[Collection entries]
=== Begin Enclosure ===
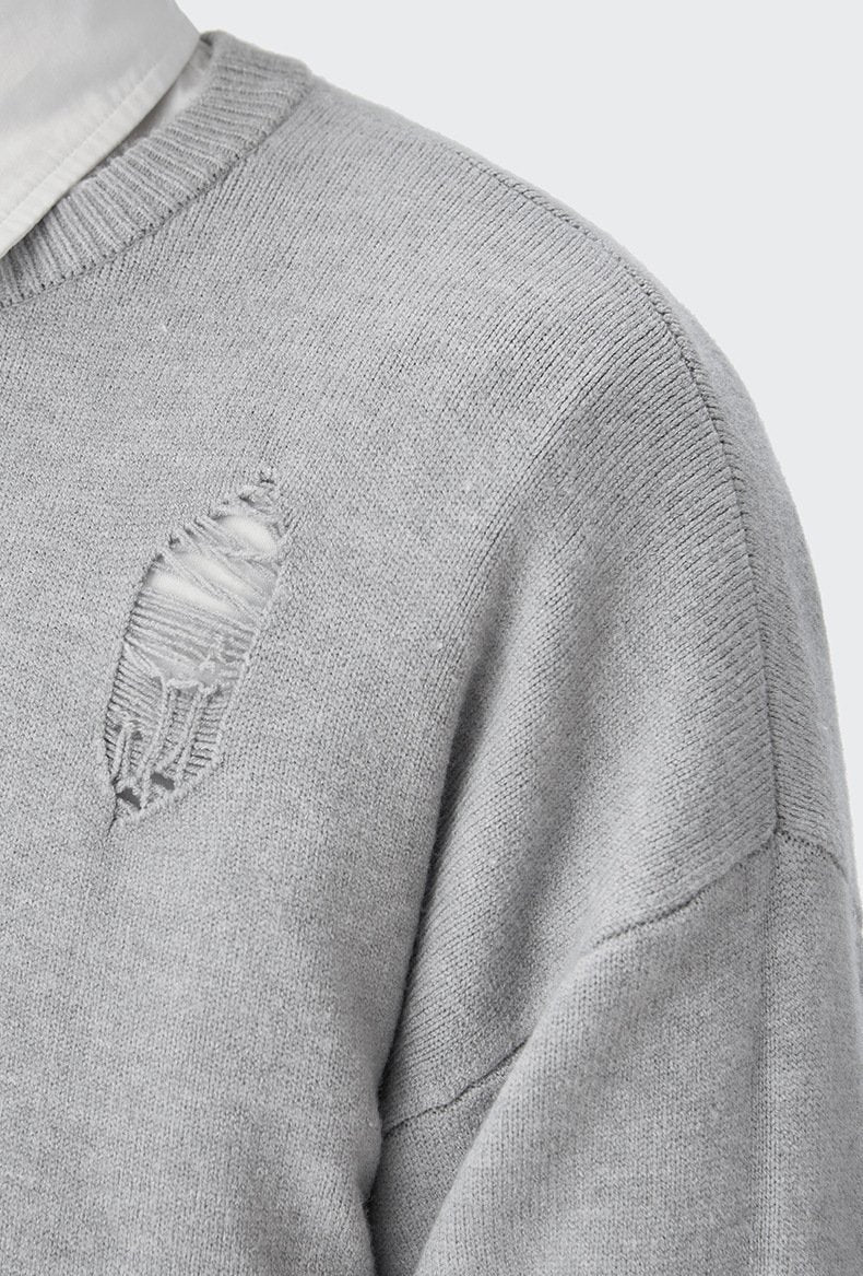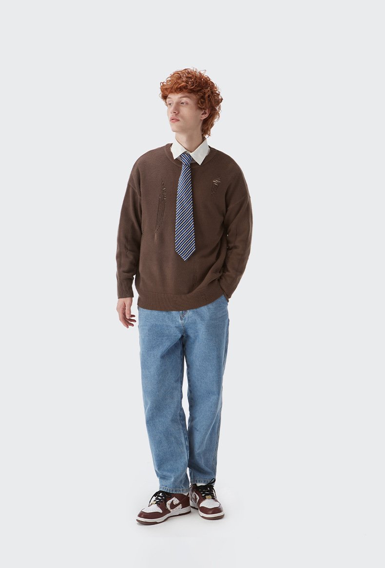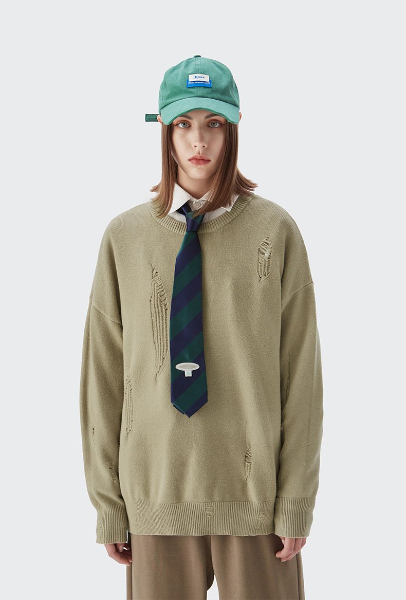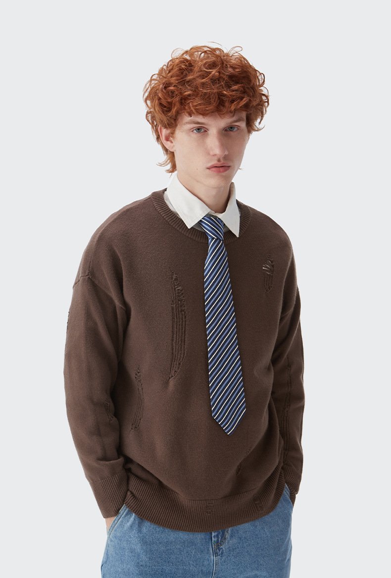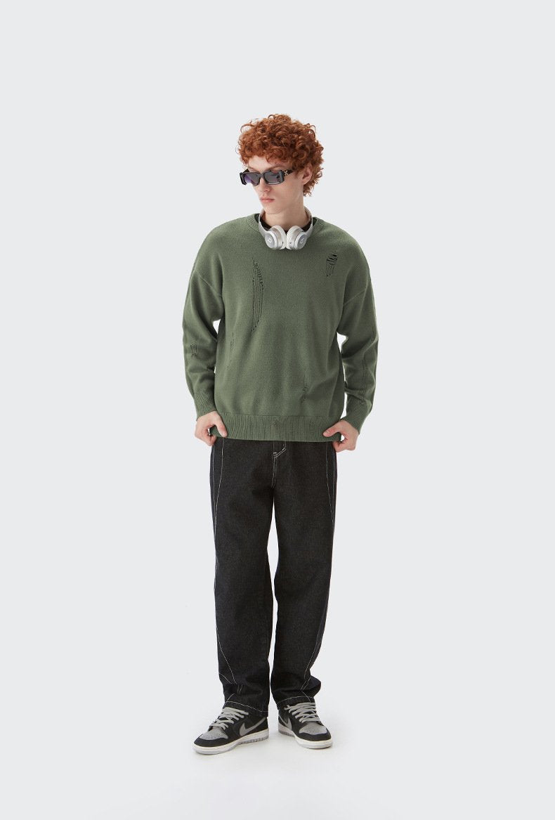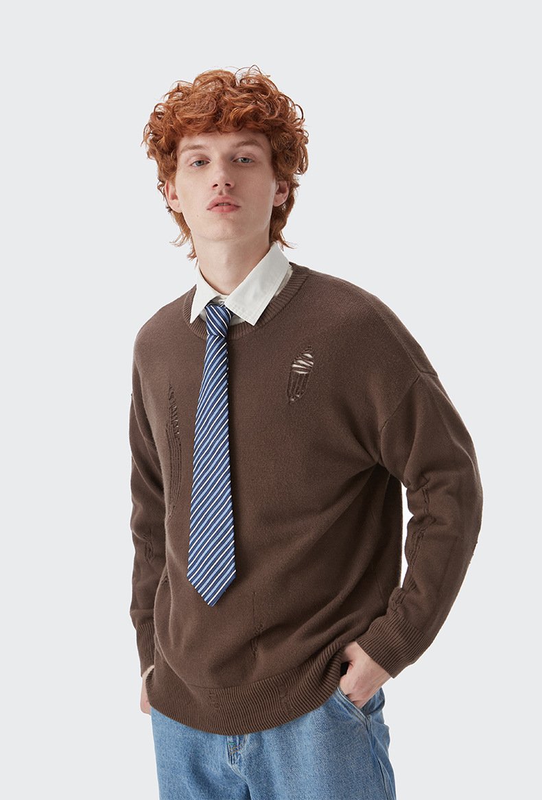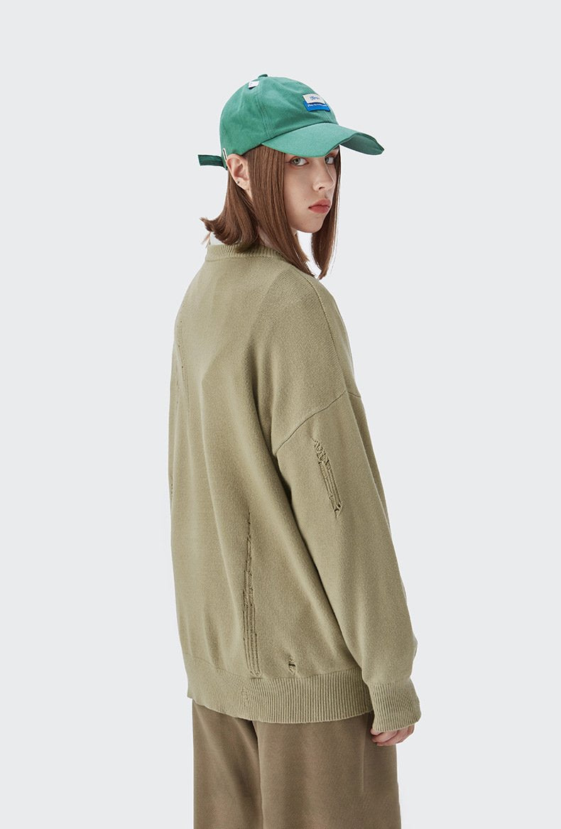 The Tattered Loose Sweater exudes a distressed. edgy look with its relaxed fit and worn-in texture. Perfect for adding a rugged. laid-back vibe to your casual outfits.
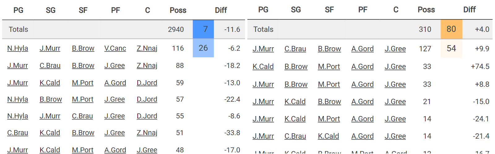 É possível que Zeke Nnaji seja um jogador anónimo para a maioria das pessoas que estão a ver jogos dos Denver Nuggets nos playoffs. Há razões para tal. Recordando os dados acima sobre o salto dos grupos sem Jokić nos playoffs, Nnaji é um nome que aparece frequentemente na primeira tabela, representando a época regular, mas encontra-se completamente ausente da segunda.
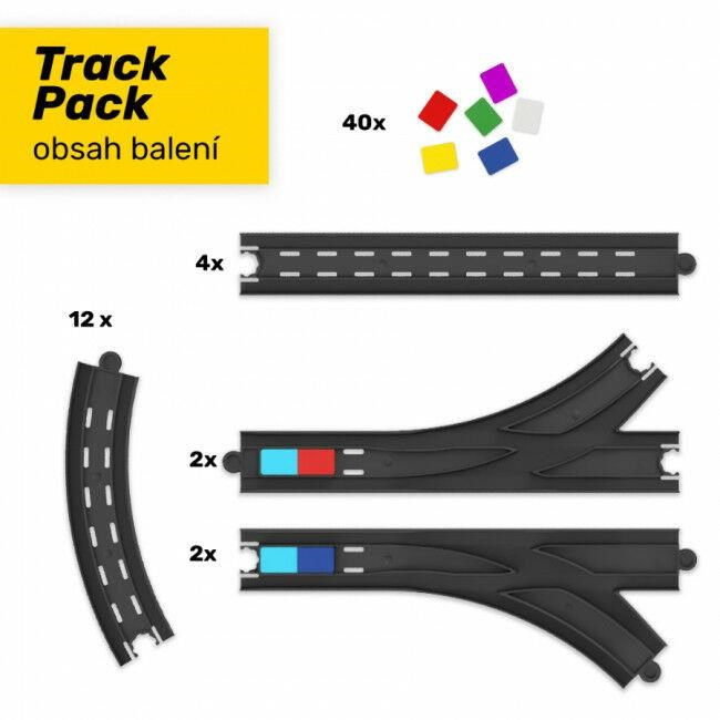 Máte doma Intelino a omrzelo vás pořád jezdit dokolečka na jednoduché dráze? Víc zábavy na velkém kolejišti si s Intelinem užijete díky extra dávce 20 různých oboustranných kolejnic a 40 barevných značek.
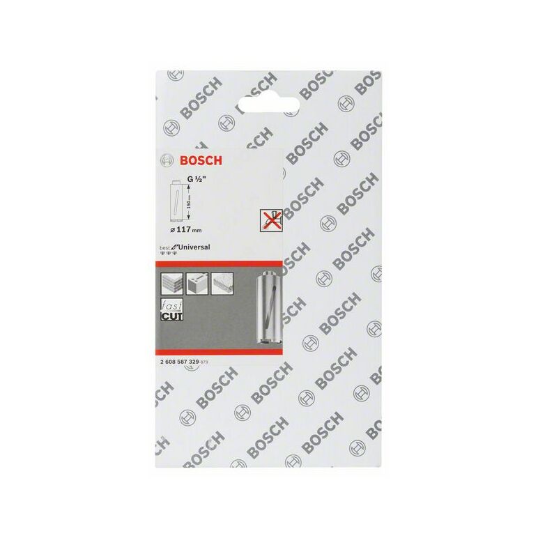 Bosch Diamanttrockenbohrkrone G 1/2 Zoll, Best for Universal, 117 mm, 150 mm, 6, 7 mm (2 608 587 329)
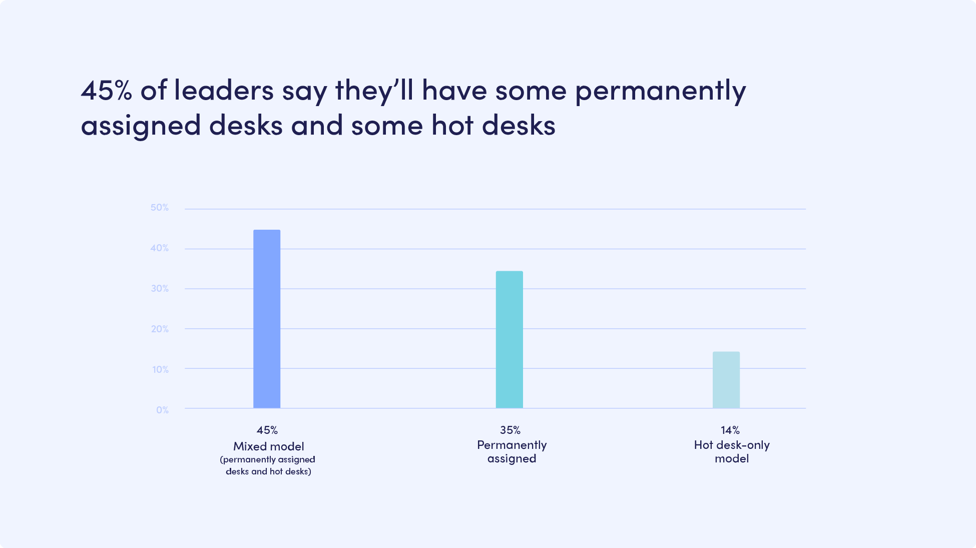 - 45% said theyâre transitioning to a mixed model with some permanently assigned desks and some hot desks.
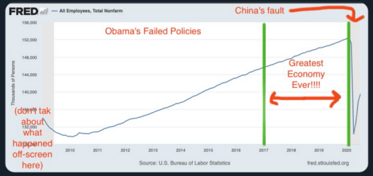 Matt Yglesias annotates a Federal Reserve chart of job growth to sum up the Trump economic narrative:
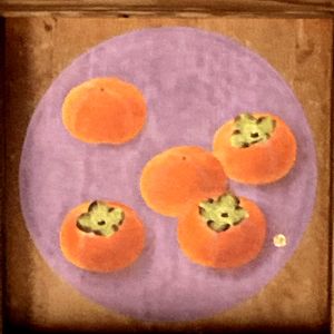 柿の季節🧡🧡🧡🧡 「 今日のお花 カキ 」 この柿は甘いのか...? 渋いのか...? 私には眺めるだけでは分からない 昔は🦪カキは好きでも 柿は嫌いだった いい大人になって 柿の美味しさを知ることに 🧡 ビタミン豊富という所にも惹かれる 年頃...😆👏🧡
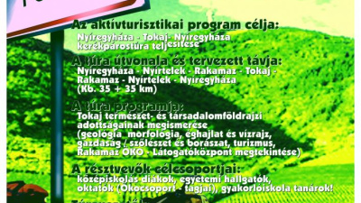 A Nyíregyházi Egyetem Ökoegyetem Csoportja, Az Eötvös Gyakorlóiskola Ökoiskolája Tokaj-Nyíregyháza kerékpárostúrát szervez. Az aktívturisztikai program célja: Nyíregyháza–Tokaj–Nyíregyháza kerékpárostúra teljesítése. A túra útvonala és tervezett távja:
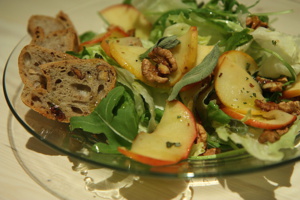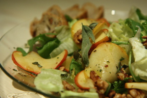 Salát s jablky, ořechy a křupavými lístky šalvěje
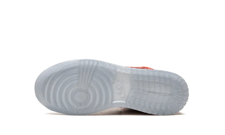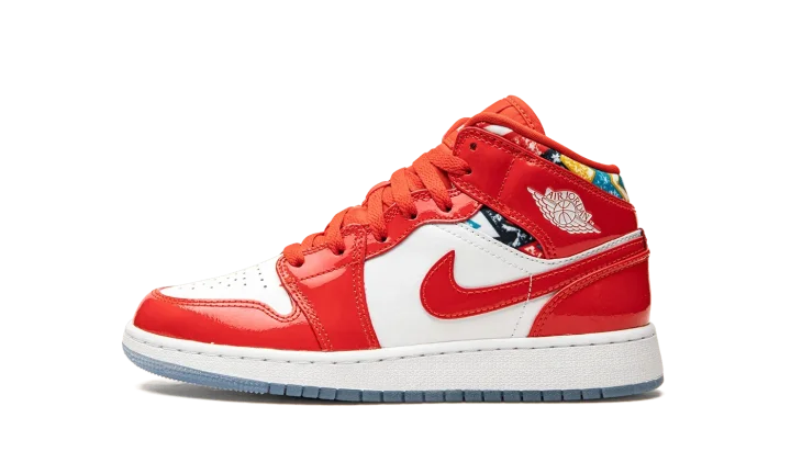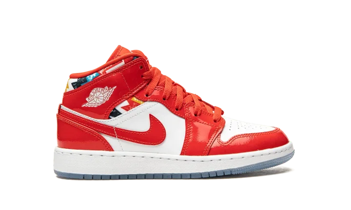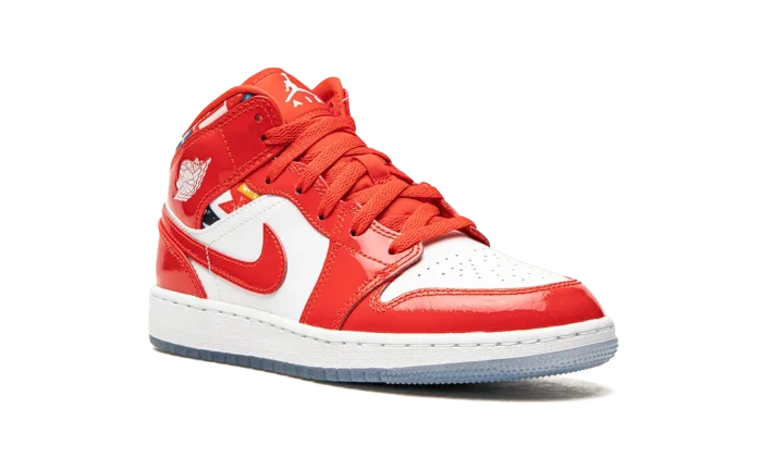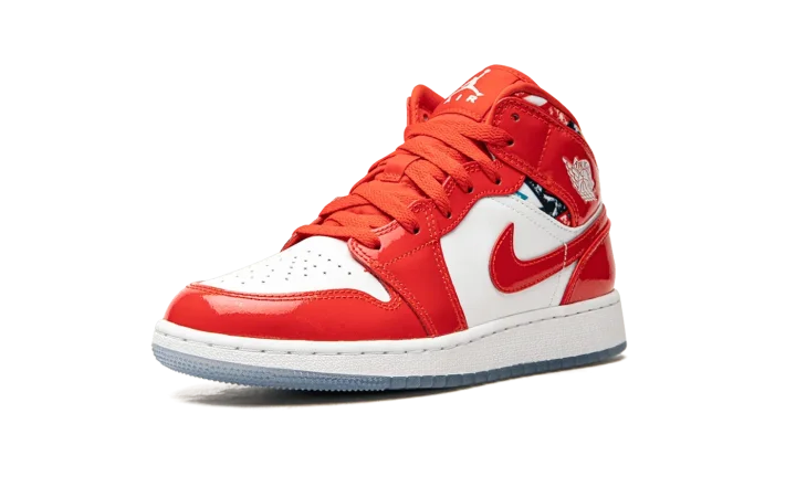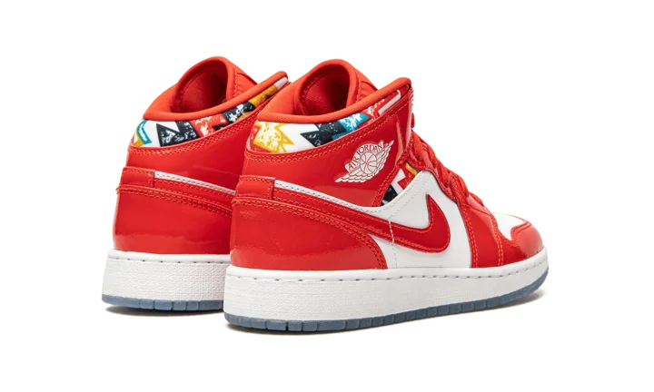 The Air Jordan 1 Mid SE GS "Barcelona Sweater" is a colorway of Michael Jordan's first signature shoe in youth sizing that draws inspiration from a sweater that Jordan wore at the '92 Summer Olympics in Barcelona. The flashy "Barcelona Sweater" features a two-tone, white-and-Chile Red upper with white leather on the perforated toe and mid-panel. The overlays and Swoosh appear in glossy Chile Red leather. White "Wings" branding is located on the collar and a white Jumpman and "Air" detailing appear on the red nylon tongue tag. The collar features a "Barcelona" inspired motif similar to the abstract tribal pattern found on the apparel that Jordan wore at the 1992 Olympics.
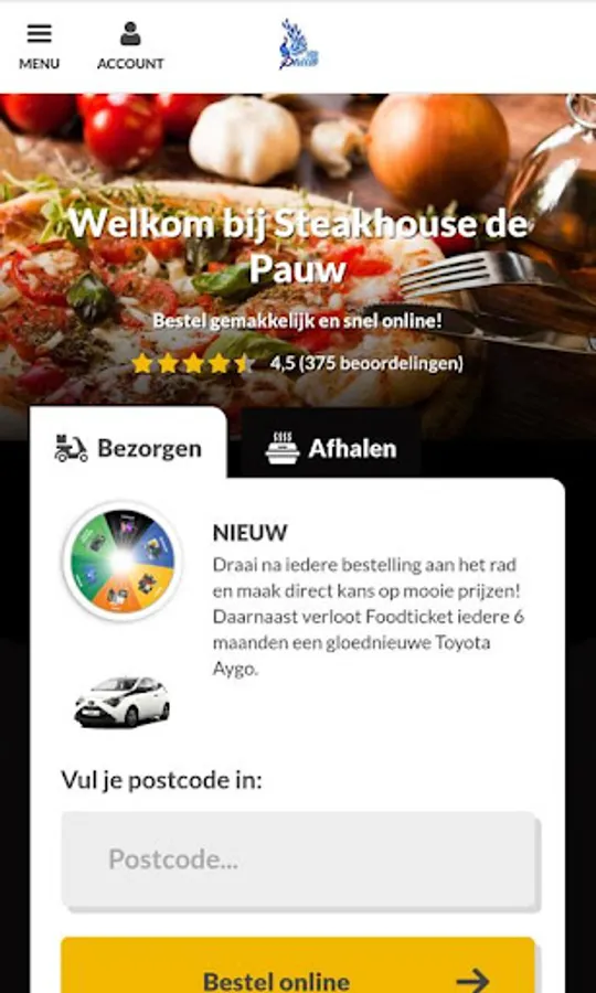 The Steakhouse Peacock app you order safely and quickly mix the tastiest dishes, steaks, ribs and more from Breda and its surroundings. Online payment through your own bank with iDeal!
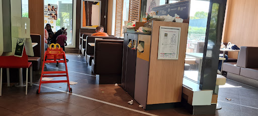 Read moreDe passage dans un Hypermarché bien connu, nous nous dirigeons vers ce restaurant qui se trouve dans une zone d'activités commerciales. Le décor sobre et chaleureux à l'intérieur est une bonne surprise. Malheureusement ce n'était qu'un mirage... Une fois assis, nous avons pu voir des déchets par terre un peu partout (voir photos). Et je n'ai pas pris la peine de prendre en photos tous les de déchets qui semblaient errer là depuis un certain temps. Mais surtout, la très mauvaise surprise fût l'attente extrêmement longue pour obtenir 2 simples menus Mcfirst. Près de 20 minutes pour enfin que deux employées nous amènent à notre table notre commande (nous étions seuls !!) alors que le restaurant était vide ! Les employées elles-mêmes nous ont amené nos plateaux en discutant entres elles sans un mot pour nous ni un regard et il a fallu que je leur lance un "Bonjour", ce qui a semblé les surprendre car coupant court à leur discussion, pour qu'elles nous renvoient poliment la même salutation. Enfin, après tant d'attente, nous avons là encore été très déçus de constater que les frites étaient tout simplement froides ! Ma femme s'est alors rendu en caisse pour le signaler et elle a attendu près de 10 minutes avant qu'on lui remette d'autres frites. Je précise qu'il y avait pas mal d'employés en cuisine, y compris derrière le comptoir et pourtant je n'arrive toujours pas à comprendre un tel manque d'organisation permettant au minima de laisser la salle propre (alors qu'elle était vide) et de servir ses clients selon des délais raisonnables qui plus est dans un "FAST"-food. Bref, tout est à revoir y compris la formation de certaines salariées à qui il serait bon d'expliquer qu'il n'est pas anormal de saluer sa clientèle. Heureusement, mon passage dans ce restaurant était exceptionnel et je sais par expérience qu'il ne représente pas TOUS les...
=== End Enclosure ===
Work required: Give again, please, precisely the lines that begin the records and run through the line with "- 45% said theyâre" in it, keeping both end lines and dropping any pictures.

Solution:
 The Tattered Loose Sweater exudes a distressed. edgy look with its relaxed fit and worn-in texture. Perfect for adding a rugged. laid-back vibe to your casual outfits.
 É possível que Zeke Nnaji seja um jogador anónimo para a maioria das pessoas que estão a ver jogos dos Denver Nuggets nos playoffs. Há razões para tal. Recordando os dados acima sobre o salto dos grupos sem Jokić nos playoffs, Nnaji é um nome que aparece frequentemente na primeira tabela, representando a época regular, mas encontra-se completamente ausente da segunda.
 Máte doma Intelino a omrzelo vás pořád jezdit dokolečka na jednoduché dráze? Víc zábavy na velkém kolejišti si s Intelinem užijete díky extra dávce 20 různých oboustranných kolejnic a 40 barevných značek.
 Bosch Diamanttrockenbohrkrone G 1/2 Zoll, Best for Universal, 117 mm, 150 mm, 6, 7 mm (2 608 587 329)
 - 45% said theyâre transitioning to a mixed model with some permanently assigned desks and some hot desks.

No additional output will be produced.